• Assigned task:
Pictures should not appear in the copy; the records themselves must be written out exactly.

(Beginning of Supplied entries)

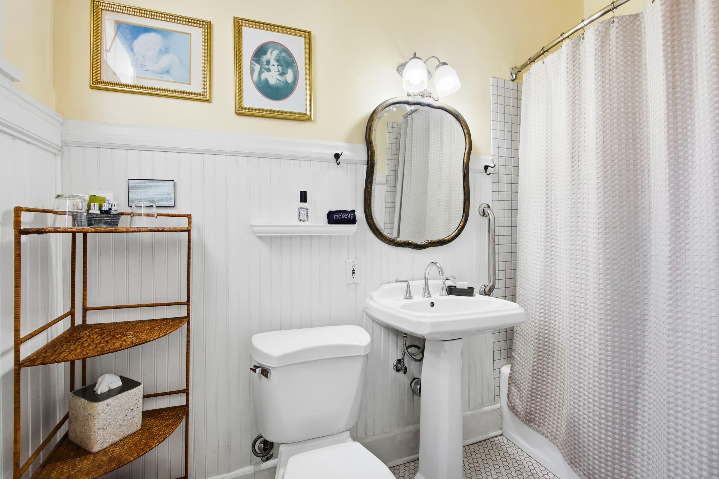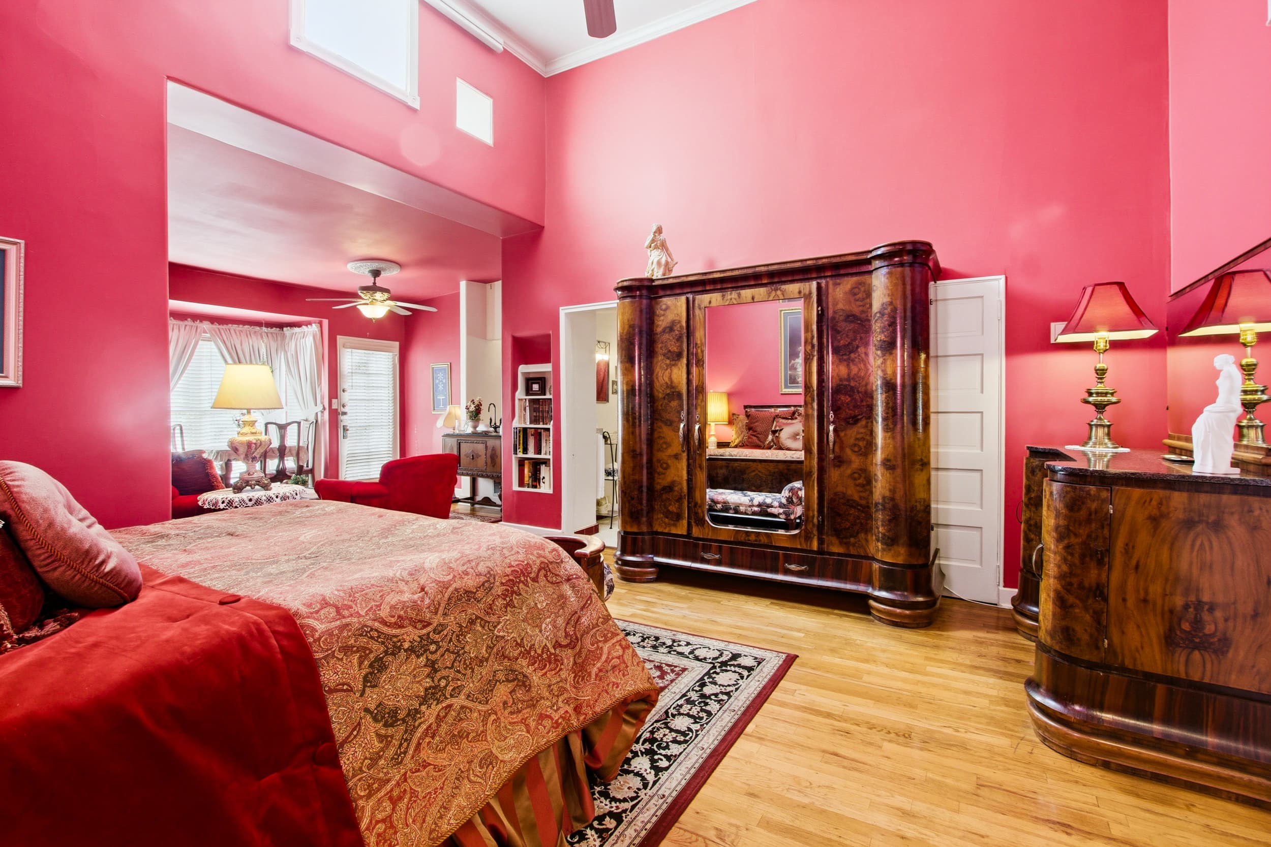 The heart of the suite is a master bedroom featuring a stunning six-piece, burled maple Art Nouveau bedroom set. Beyond the queen-sized sleeping quarters, a spacious living area invites relaxation with red suede furnishings and a sunny bay window overlooking a fragrant lemon verbena hedge - a favorite haunt for local butterflies and hummingbirds. Unique to this wing is an antique wood vanity converted into a wet bar, which sits adjacent to a private, two-person Jacuzzi tub for the ultimate evening wind-down.
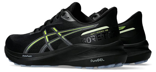 GT-1000 13ではサポート性とクッション性が高められ、ソフトな着地感と軽量化が実現されています。防水モデルはゴアテックスアッパーを採用し、雨などの浸入を防ぎつつ、通気性も確保しています。普段履きとしても安心して使えるシューズです。
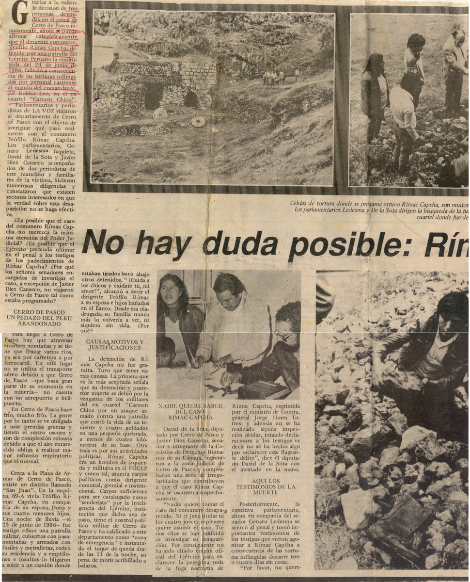 Teófilo Rímac Capcha, El 23 de junio de 1986, varios militares uniformados lo secuestraron desde su domicilio ubicado en San Juan Pampa en Cerro de Pasco, para posteriormente desaparecerlo. Fue líder sindical.
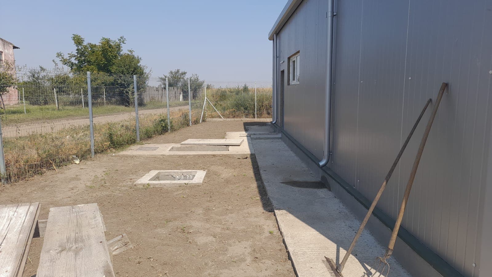 Am construit 2 hale pentru acest client: o hală de depozitare cereale (575 mp cu zid de 2,5 m) și una de procesare în care clientul își va face o mică fabrică de ulei. (120 mp cu zid de 2,7m).
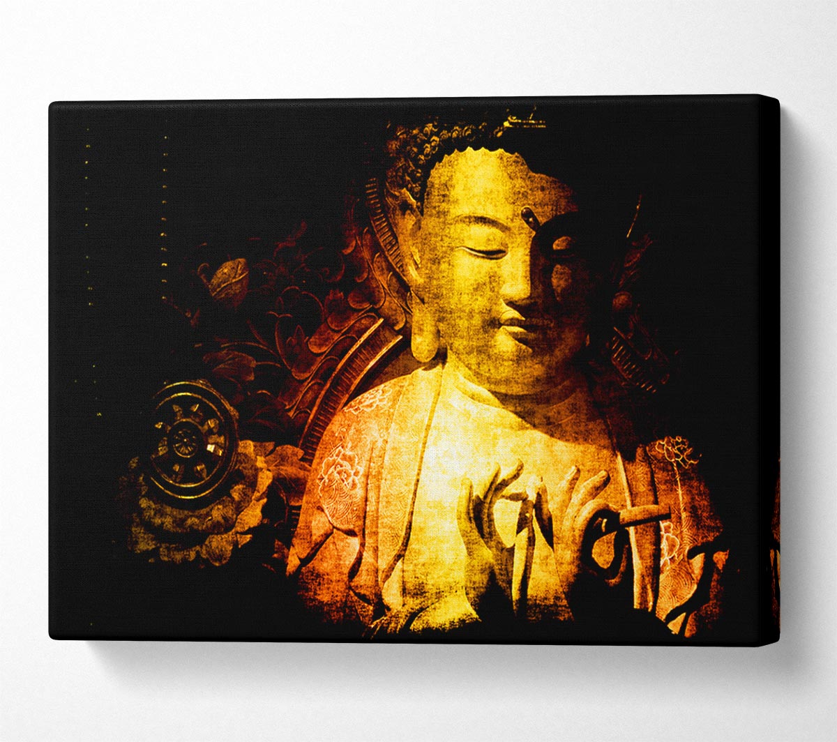 Buddha Meditating Canvas Print handmade in the UK. Stretched over a 2 inch thick wooden box frame, ready to hang on your wall.
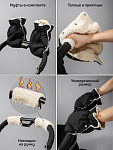 Для защиты от осадков и ветра предусмотрен глубокий капор с ветрозащитой, теплый чехол на ножки и дождевик, а также есть дополнительное окно, которое можно закрыть при необходимости.
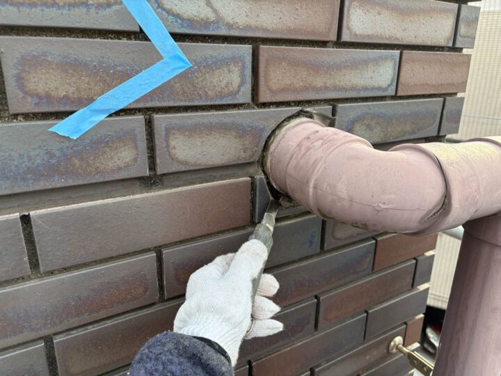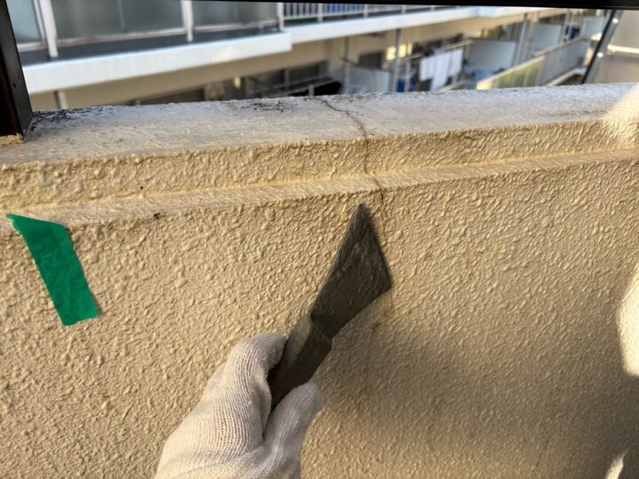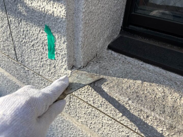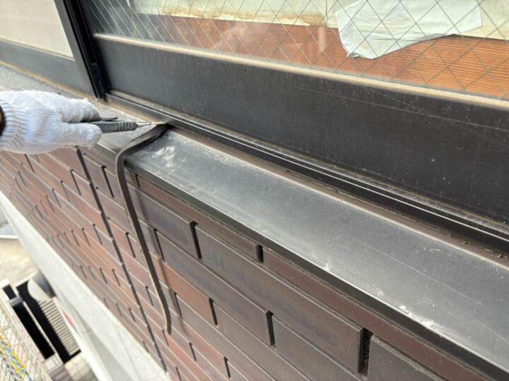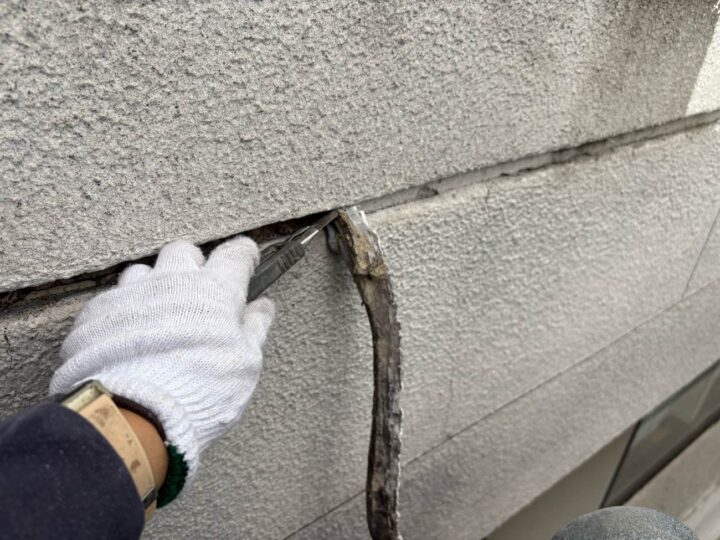 カッターなど専用工具を使用し既存のシーリング材を撤去しています。 -

(End of Supplied entries)

• Reply to the task:
 The heart of the suite is a master bedroom featuring a stunning six-piece, burled maple Art Nouveau bedroom set. Beyond the queen-sized sleeping quarters, a spacious living area invites relaxation with red suede furnishings and a sunny bay window overlooking a fragrant lemon verbena hedge - a favorite haunt for local butterflies and hummingbirds. Unique to this wing is an antique wood vanity converted into a wet bar, which sits adjacent to a private, two-person Jacuzzi tub for the ultimate evening wind-down.
 GT-1000 13ではサポート性とクッション性が高められ、ソフトな着地感と軽量化が実現されています。防水モデルはゴアテックスアッパーを採用し、雨などの浸入を防ぎつつ、通気性も確保しています。普段履きとしても安心して使えるシューズです。
 Teófilo Rímac Capcha, El 23 de junio de 1986, varios militares uniformados lo secuestraron desde su domicilio ubicado en San Juan Pampa en Cerro de Pasco, para posteriormente desaparecerlo. Fue líder sindical.
 Am construit 2 hale pentru acest client: o hală de depozitare cereale (575 mp cu zid de 2,5 m) și una de procesare în care clientul își va face o mică fabrică de ulei. (120 mp cu zid de 2,7m).
 Buddha Meditating Canvas Print handmade in the UK. Stretched over a 2 inch thick wooden box frame, ready to hang on your wall.
 Для защиты от осадков и ветра предусмотрен глубокий капор с ветрозащитой, теплый чехол на ножки и дождевик, а также есть дополнительное окно, которое можно закрыть при необходимости.
 カッターなど専用工具を使用し既存のシーリング材を撤去しています。 -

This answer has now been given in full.